We elected to run the program on a pass-through basis as opposed to having someone else fully manage it. We do it that way so members can manage their credit cards just as they do any other credit union account with access in online banking, mobile banking, etc. This benefits the credit union on the expense side, plus we’ve combined both credit and debit to achieve economies of scale.
What have the results been since the re-launch?
RG: We built up $1 million in the portfolio in the past year-and-a-half to two years, so I think we’ve done pretty well. It was $4 million when we sold it and had been at that point for years — it wasn’t that it wasn’t profitable, but it was something we couldn’t grow in the old structure.
LR: As of January 20, 2014, we were at $16.6 million in outstanding balances and have 8,800 cards. We offer balance transfer promotions and perform credit reviews with members to see how much money they can save by switching to a Financial Partners card. The hardest thing is getting people to bring in what they are paying on their credit cards versus what they think they are paying. There is often a big discrepancy between perceived value and actual value from other card providers.
Were there any challenges or surprises you found when re-launching? Any advice you'd give other credit unions considering a re-launch?
RG: When we decided to start it again, we knew enough to not make the same mistakes. The re-launch was under our terms and we were able to create a much better program. The advice I would give other credit unions considering a re-launch is: I would absolutely do it.
I’m an old-fashioned credit union person, and I believe our business is to offer competitive and useful deposit programs and to make loans. That is our mission and credit cards are a key lending product.
LR: The best advice I can give is to be clear about what you want your value proposition to be so you develop the right product line for your members. In order to be successful in this competitive and highly regulated market, you need to keep your cost structure as low as possible. Combining your credit and debit cards is one way to negotiate a lower price. I also recommend keeping your contracts short — three to five years — so you can re-negotiate as things change. You can also take advantage of new tools and extras your processor may have available when you renegotiate.

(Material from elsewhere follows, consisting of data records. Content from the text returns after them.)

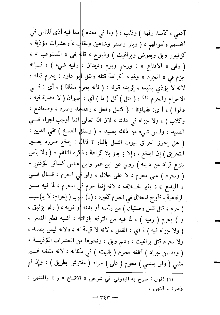 آدَمِيٍّ، كَأَسَدٍ وَفَهْدٍ) وَذِئْبٍ، (وَمَا فِي مَعْنَاهُ) مِمَّا فِيهِ أَذًى لِلنَّاسِ فِي أَنْفُسِهِمْ وَأَمْوَالِهِمْ، (وَبَازٍ وَصَقْرٍ وَشَاهِينِ وَعُقَابٍ، وَحَشَرَاتٍ مُؤْذِيَةٍ، كَزُنْبُورٍ وَبَقٍّ وَبَعُوضٍ وَبَرَاغِيثَ) وَطُبُوعٍ، قَالَهُ فِي " الْمُسْتَوْعِبِ "، (وَفِي " الْإِقْنَاعِ ": وَرَخَمٍ وَبُومٍ وَدِيدَانٍ، وَفِيهِ شَيْءٌ) ، فَإِنَّهُ، جَزَمَ فِي " الْمُجَرَّدِ " وَغَيْرِهِ بِكَرَاهَةِ قَتْلِهِ وَنَقَلَ أَبُو دَاوُد: يَحْرُمُ قَتْلُهُ، لِأَنَّهُ لَا يُؤْذِي بِطَبْعِهِ، يُؤَيِّدُهُ قَوْلُهُ: (فَإِنَّهُ يَحْرُمُ مُطْلَقًا) ، أَيْ: فِي الْإِحْرَامِ وَالْحَرَمِ، (قَتْلُ) كُلِّ (مَا) أَيْ: حَيَوَانٍ (لَا مَضَرَّةَ فِيهِ، قَالُوا) ، أَيْ: فُقَهَاؤُنَا: (كَنَمْلٍ وَنَحْلٍ، وَهُدْهُدٍ وَصُرَدٍ، وَضَفَادِعَ، وَكِلَابٍ) ، وَلَا جَزَاءَ فِي ذَلِكَ؛ لِأَنَّ اللَّهَ - تَعَالَى - إنَّمَا أَوْجَبَ الْجَزَاءَ فِي الصَّيْدِ، وَلَيْسَ شَيْءٌ مِنْ ذَلِكَ بِصَيْدٍ.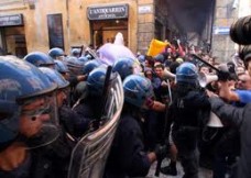 Immediata la reazione della polizia al lancio di oggetti dei manifestanti, che ha risposto caricando il corteo che protestava al grido di “vergogna!”. Dopo…
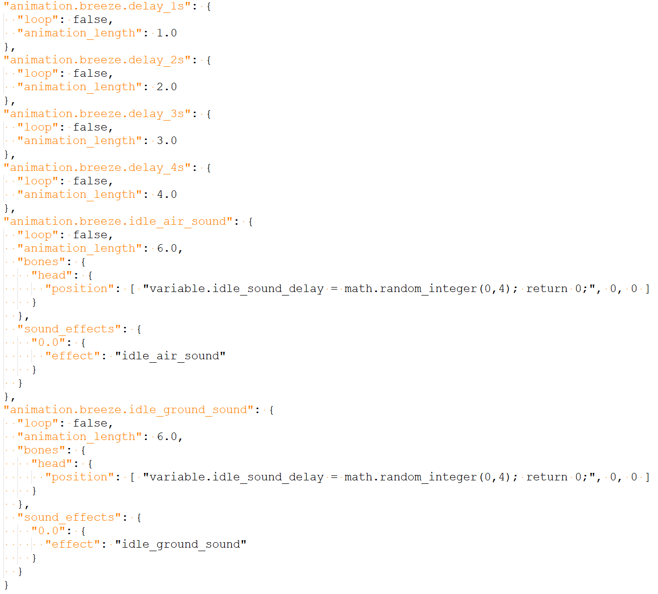 In addition to the randomized ambient sound from sounds.json, idle_ground is played every 6 seconds consistently due to the idle_ground_sound animation in breeze.entity.json. This sound also plays without respect for if the Breeze is grounded or not.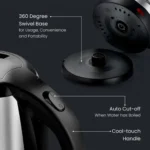Prepare hot water, instant tea etc, in a matter of minutes with Prestige Electric Kettle. With smart features like automatic cut-off, single touch lid locking, beautifully designed ergonomic handle, elegant body and much more, this glamorously designed electric kettle is a must have accessory for the modern kitchen.
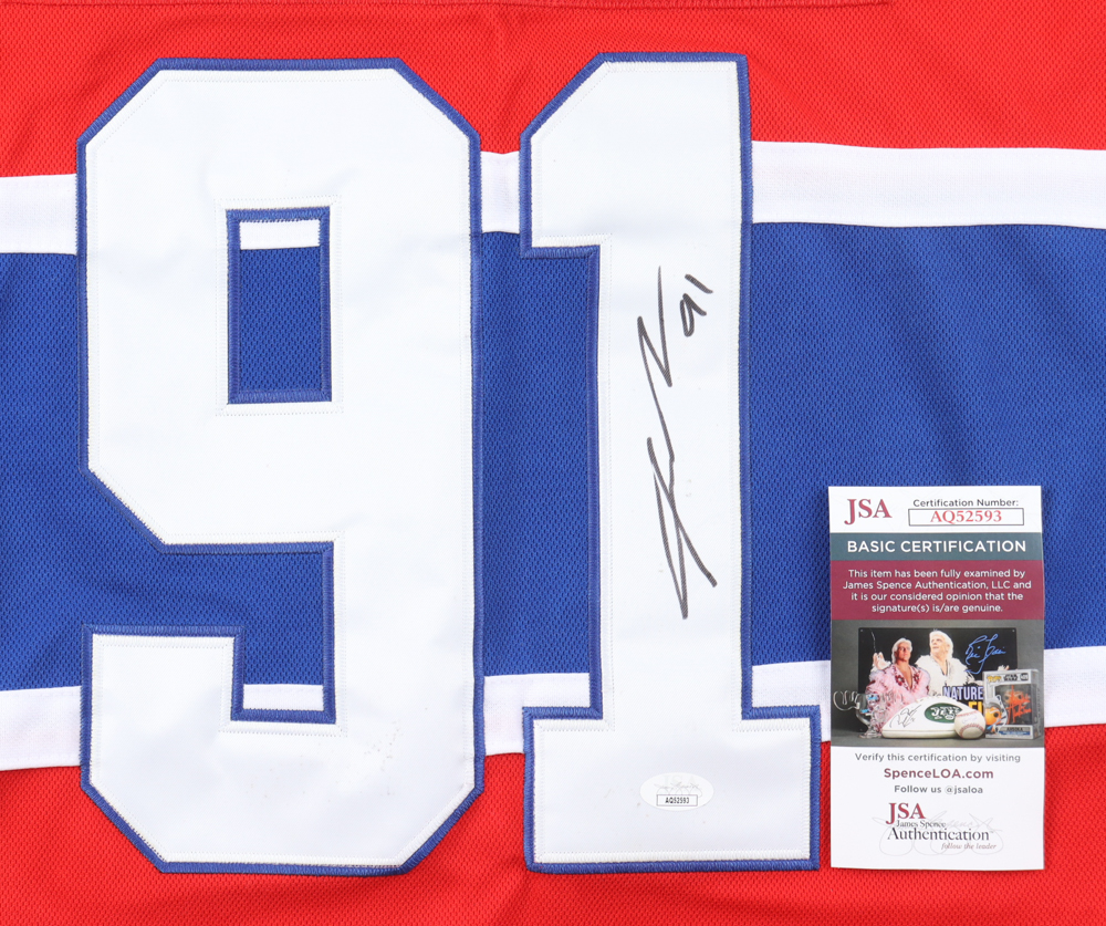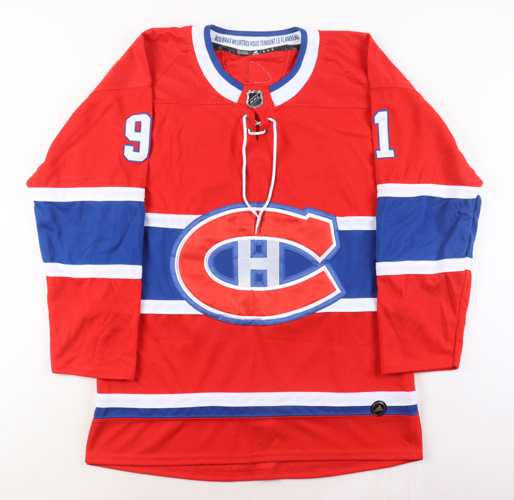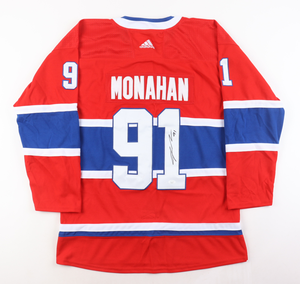 Adidas jersey with everything sewn on, size 54. Has been hand-signed Sean Monahan. Please note, there are stains on the reverse number.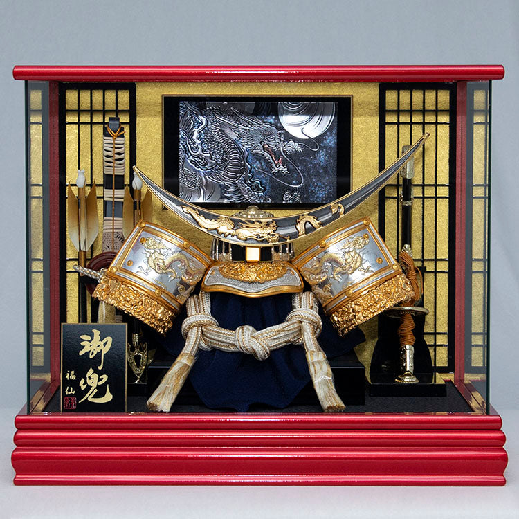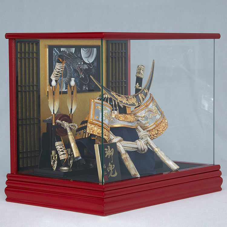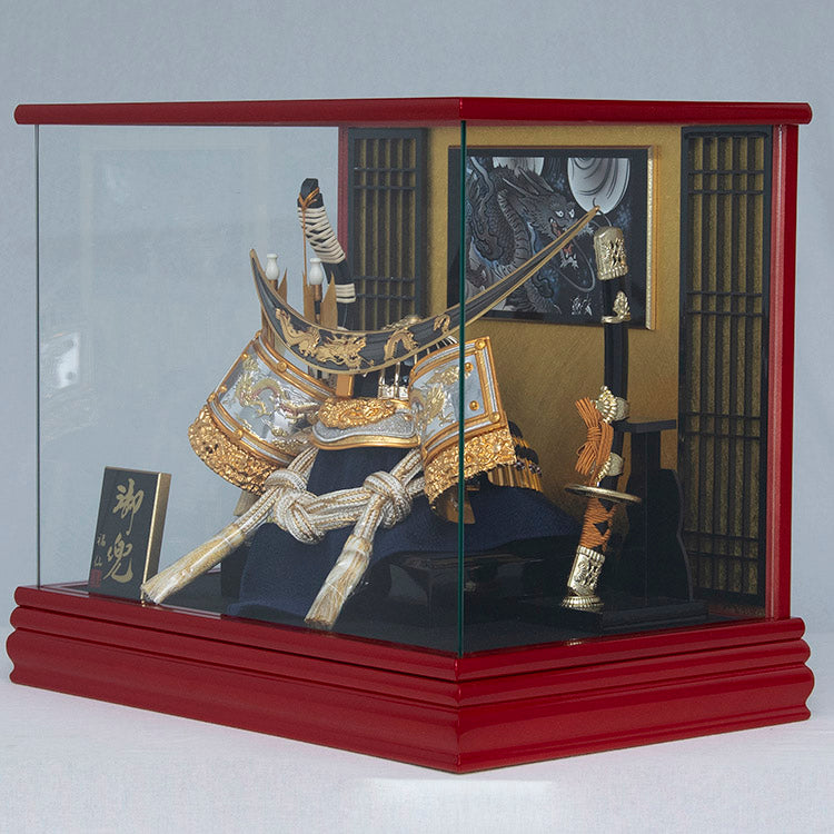 一際目をひく縁起の良い【朱色】のケースに、黄金に輝く兜を配しました。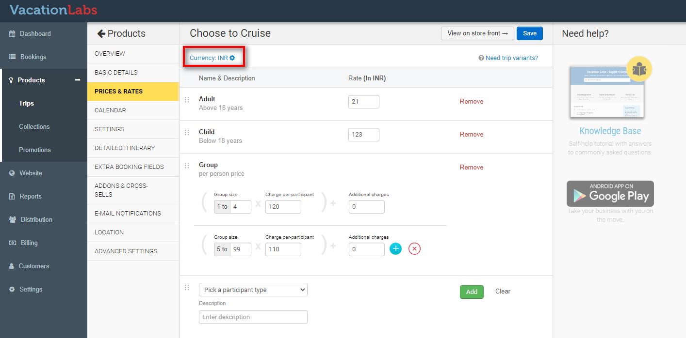 This allows you to change the currency for a particular trip. So you can have one trip in INR whereas others in USD. This helps your customer to make the payment according to their ease.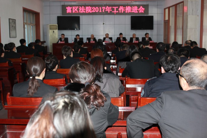 会上,院党组书记、院长谷宏峰对全院2016年的工作给予肯定,并就2017年富区法院的工作作了重要讲话。其他党组成员对自己分管的工作分别做出了安排部署。在会上谷宏峰院长与其他党组成员分别签订了2017年党风廉政建设责任状。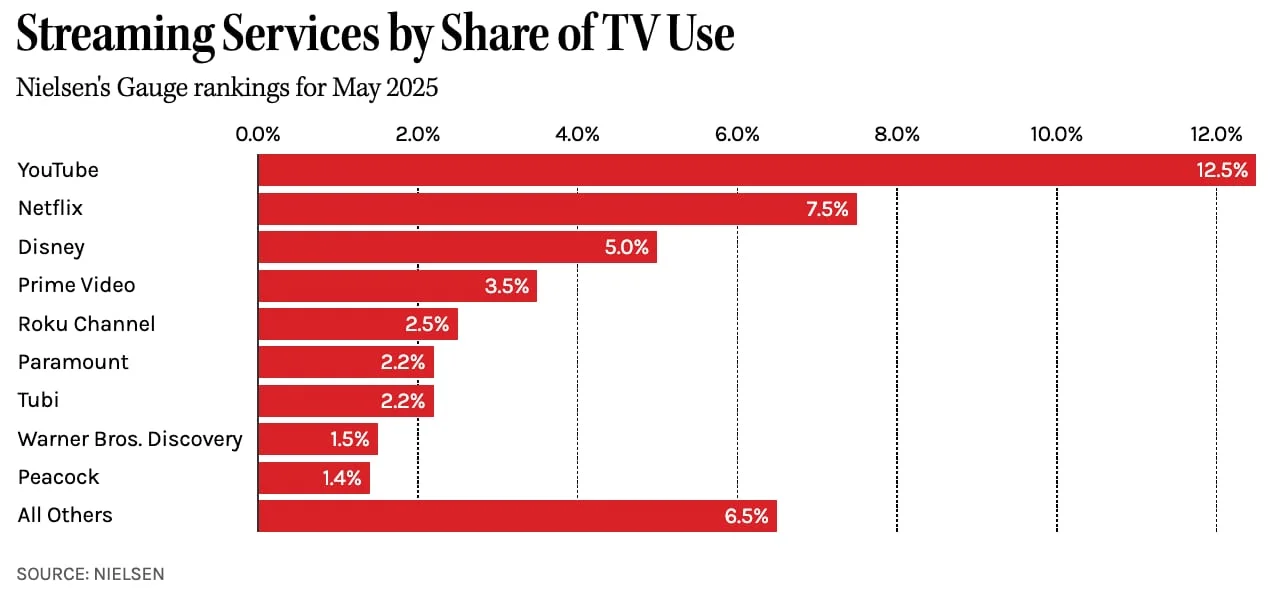YouTube and Netflix, the two biggest streamers, accounted for 20% of all US TV use in May, nearly beating the broadcast total by themselves. (THR)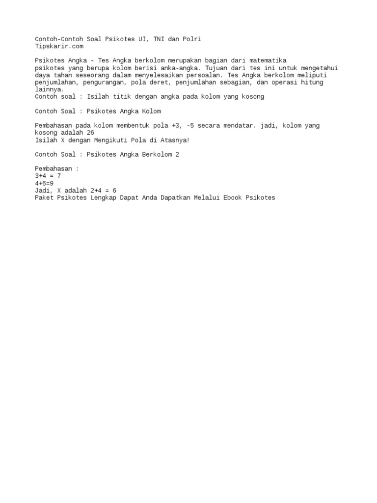 Contoh Soal Psikotes Deret Angka Dan Jawabannya Pdf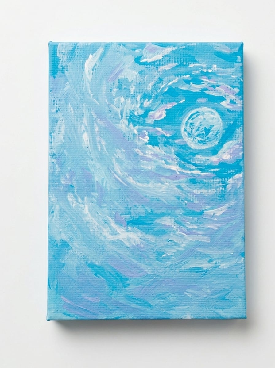 真昼の月の情景は、見るだけで心がほっこりし、リラックスした気分にさせてくれます。ストレスが多い日常の中で、ふと目にした瞬間、心を和らげ、穏やかさをもたらすでしょう。自分だけの空間を豊かにするアイテムとして、ぜひお使いください。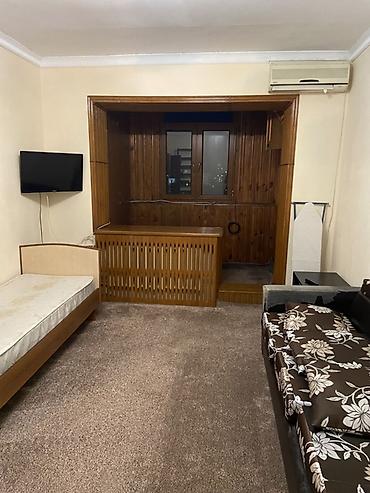 - Жилая зона с диваном, отдельной односпальной кроватью и настенным телевизором.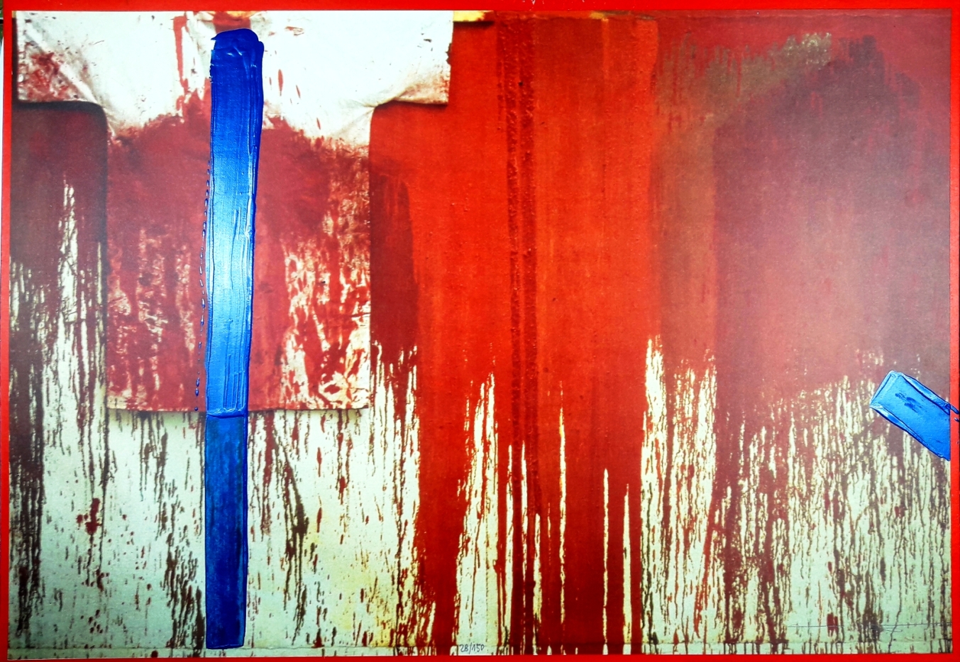 NITSCH HERMANN Vienna 1938 “Senza titolo” opere multiple ridipinte a mano, ogni foglio è un originale ridipinto a mano singolarmente e diverso dagli altri soggetti simili. La base litografica realizzata su cartoncino acquerello 300 gr. della Fedrigoni, reincartonate su cartone industriale cm 71x101 del 1991 (opere in mostra e terminate presso la sede Domus Jani Verona). Firmata in basso a destra tiratura 8/150.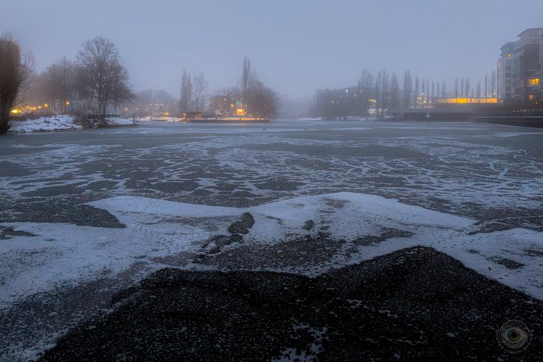 Still cold, but only around 0 degrees now, so the thaw is setting in, accompanied by a little fog this morning. No interval walking through the palace gardens because it is closed today for safety reasons. So instead, breathing and meditation exercises with a view of the slowly thawing ice on the Spree and a multi-bridge walk. According to the weather forecast, temperatures are now set to rise daily, so it will be cold enough to catch a cold, so caution is advised. I captured the gloomy, wet and cold mood this morning at my starting point, which looks different every day. Plus more ice and some birds on ice.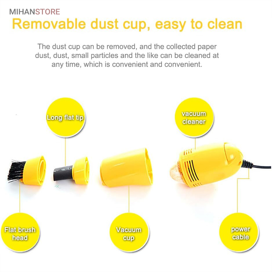 Computer Mini Vacuum یا همون جارو USB. با کمک این جارو کوچیک می تونید گرد و غبار بین کلید های کیبورد یا منافذ خاک گرفته کامپیوتر و یا مانیتور رو تمیز کنید. از اون جایی که بدون باتری و با کابل USB کار میکنه خیلی انتظار مکش قوی نداشته باشید چون فقط برای جمع آوری گرد و غبار مناسبه.  دو تا سری متفاوت هم داره که یکیش از پلاستیک نرم و انعطاف پذیره تا به راحتی جاهایی مثل بین کلید های کیبورد رو تمیز کنه و سری دیگه هم که دارای برس هست می تونه به جمع آوری تکه های بزرگتر کمک کنه.

Lastly, evaluate collection strategies. Because credit card balances are typically lower, they might not get the same level of attention as other types of loans or might require a different type of collections strategy. For example, we’ve implemented e-alerts to remind members when their credit card payment is due to help those who simply forget to make their payment. We also try to set up as many accounts on automatic payment as possible. Looking for alternative ways to collect or prevent credit card delinquency can make a big difference in your program.
Credit unions as an industry need to have a competency in the credit card area. Generally, credit unions are good at the loan part of the card but might not fully embrace the other facets of cards: fraud strategies, spend and usage analytics, acceptance rates, etc. The credit card is extremely important from a relationship aspect and is a natural cross-sell for nearly all of a credit union’s other products.